Hayır... Dünkü karşılaşmanın yıldızı bunlardan biri değildi. Maçın yıldızı sağ bekte oynayan Roberto Hilbert’ti. Ben sağ bek diyorum ama Hilbert yalnız sağ bek oynamadı. Hem sağ bek hem de sağ açık hem de golcüydü. Defansif görevini yaptığı gibi orta sahadaki arkadaşlarına yardımcı oldu. Üstüne üstlük tüm bunlar yetmiyor gibi bir de müthiş bir gol attı.

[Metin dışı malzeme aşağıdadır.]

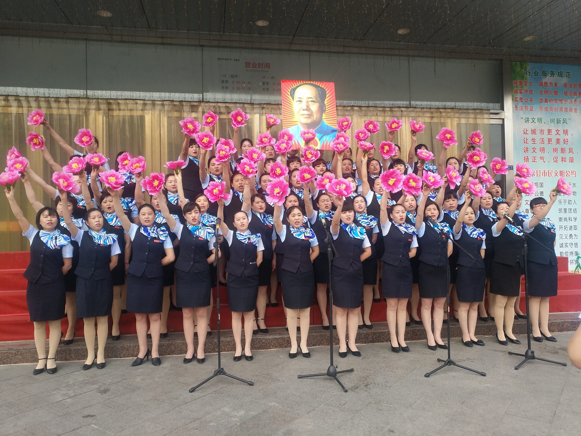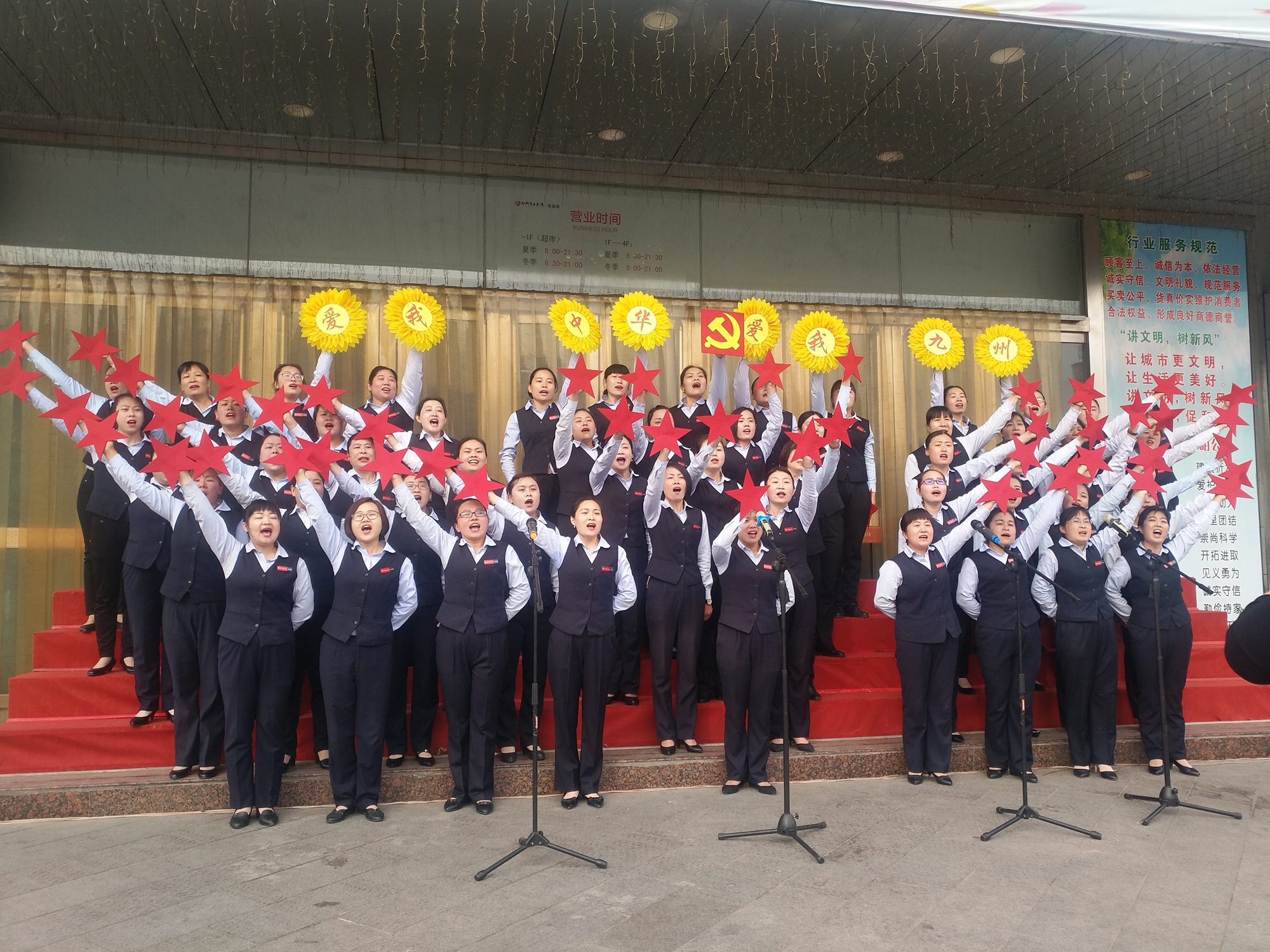 5月4日早上,大廈沂水區域門(mén)店在長(cháng)安店門(mén)前廣場(chǎng)舉行了慶“五四”合唱比賽活動(dòng)。 經(jīng)過(guò)激烈角逐,最終沂水店超市合唱《紅星歌》榮獲第一名,長(cháng)安店三樓合唱《國家》、長(cháng)安店超市合唱《紅色娘子軍》榮獲第二名,長(cháng)安店二樓合唱《我和我的祖國》、長(cháng)安店一樓合唱《時(shí)代號子》、新華店超市合唱《祖國不會(huì )忘記》、新華店二樓合唱《歌唱祖國》榮獲第三名。 7個(gè)方隊用嘹亮的歌聲吟唱了難忘的歲月,用熟悉的旋律演繹了時(shí)代的激情,合唱歌頌了中華民族自強不息的偉大精神,唱出了九州人闊步向前的豪邁氣概,歌聲催人奮進(jìn),氣勢振奮人心,充分展現了九州人良好的精神面貌。(文/黃明濤 圖/陳宇萍)

İlk 45 dakikada çok koşan mücadele eden bir Beşiktaş izledik. Bu özellikleri taşıyan Beşiktaş’ı bütün sezon izleyeceğiz gibi. Ama siyah-beyazlılar, bu kadar mücadele etmesine rağmen çok net gol pozisyonu bulamadı. Santrfor oynayan Batuhan, hiçbir varlık gösteremedi.

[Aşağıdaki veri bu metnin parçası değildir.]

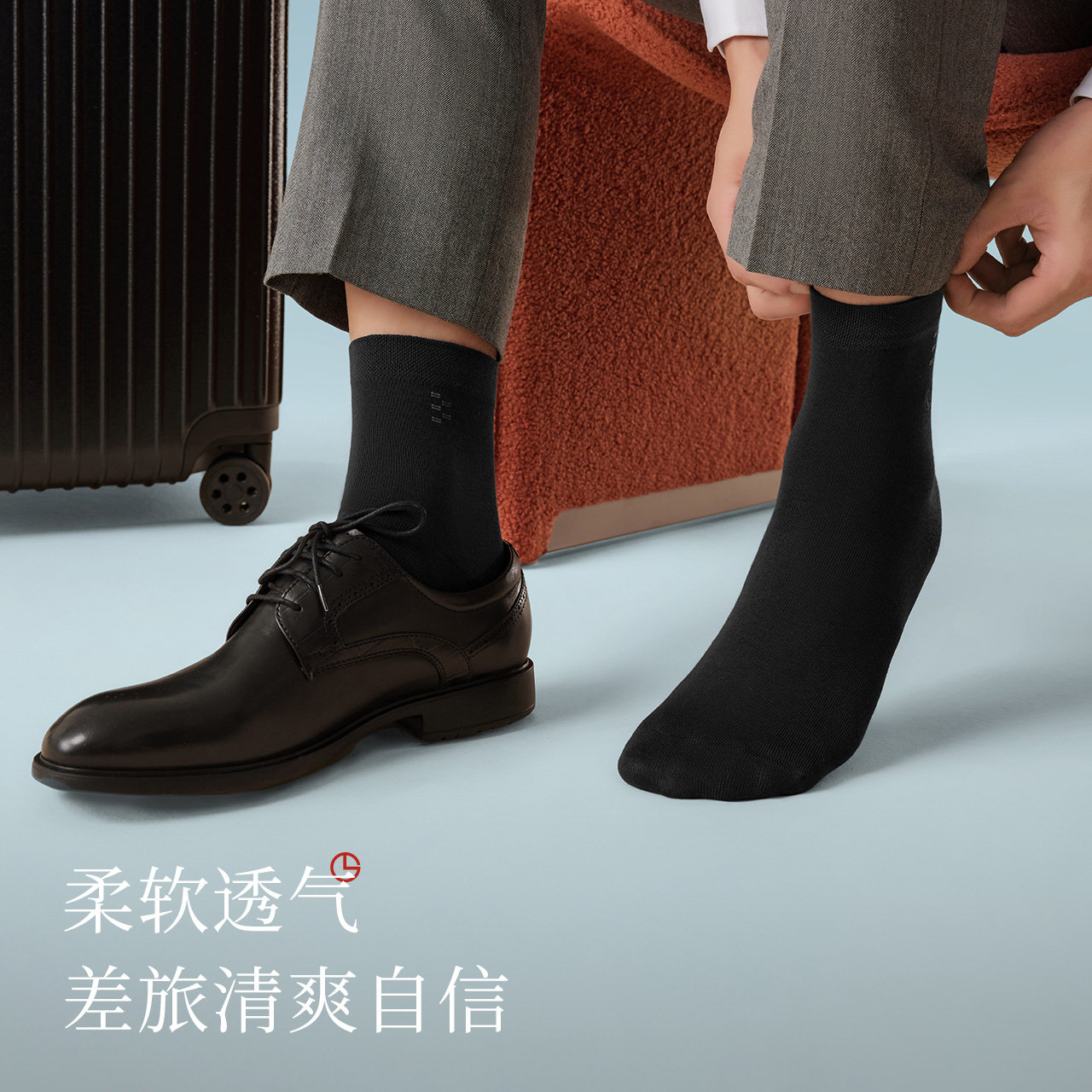 长袜黑色抗菌男袜 短袜春夏季 雅鹿袜子男士 中筒纯棉防臭吸汗薄款

Batuhan cepheden gelen toplar arkaya aşırılmaz. En son adam kim? Bu topları kime indiriyorsun? Büyük bir takıma geldin, şansını iyi kullan.
Gerçek Beşiktaş’ı ikinci yarı izledik. Bunda siyah-beyazlıların golü erken bulmasının da rolü çok büyüktü. Erken gelen gol Elazığspor’unda oyun disiplinini bozdu. Defans güvenliğini unutturdu. 1-0’dan sonra 1-1’i yakalamak için şuursuzca saldırdılar. Bu da Beşiktaş’ın işine geldi.
RAKİPLERİNİ BAYILTIR!
Duran top oldu mu Beşiktaş tribünleri yerinde duramıyor. Çünkü bu topları Manuel Fernandes kullanıyor. Nitekim Kartal’ın 2 golü de duran toptan geldi. Necip Uysal’ın kafa golü çok şıktı. Ona kocaman aferin...
Ama Elazığ defansına da sormak lazım. Genç Necip kafa vururken siz ne yapıyorsunuz? Özetle Beşiktaş böyle koşmaya, mücadele etmeye, savaşmaya devam ettiği sürece rakip takım nefessizlikten bayılabilir.
Özetle Beşiktaş özellikle ikinci yarıda oynadığı coşkulu, iştahlı kararlı futboluyla 3 puanı fazlasıyla haketti.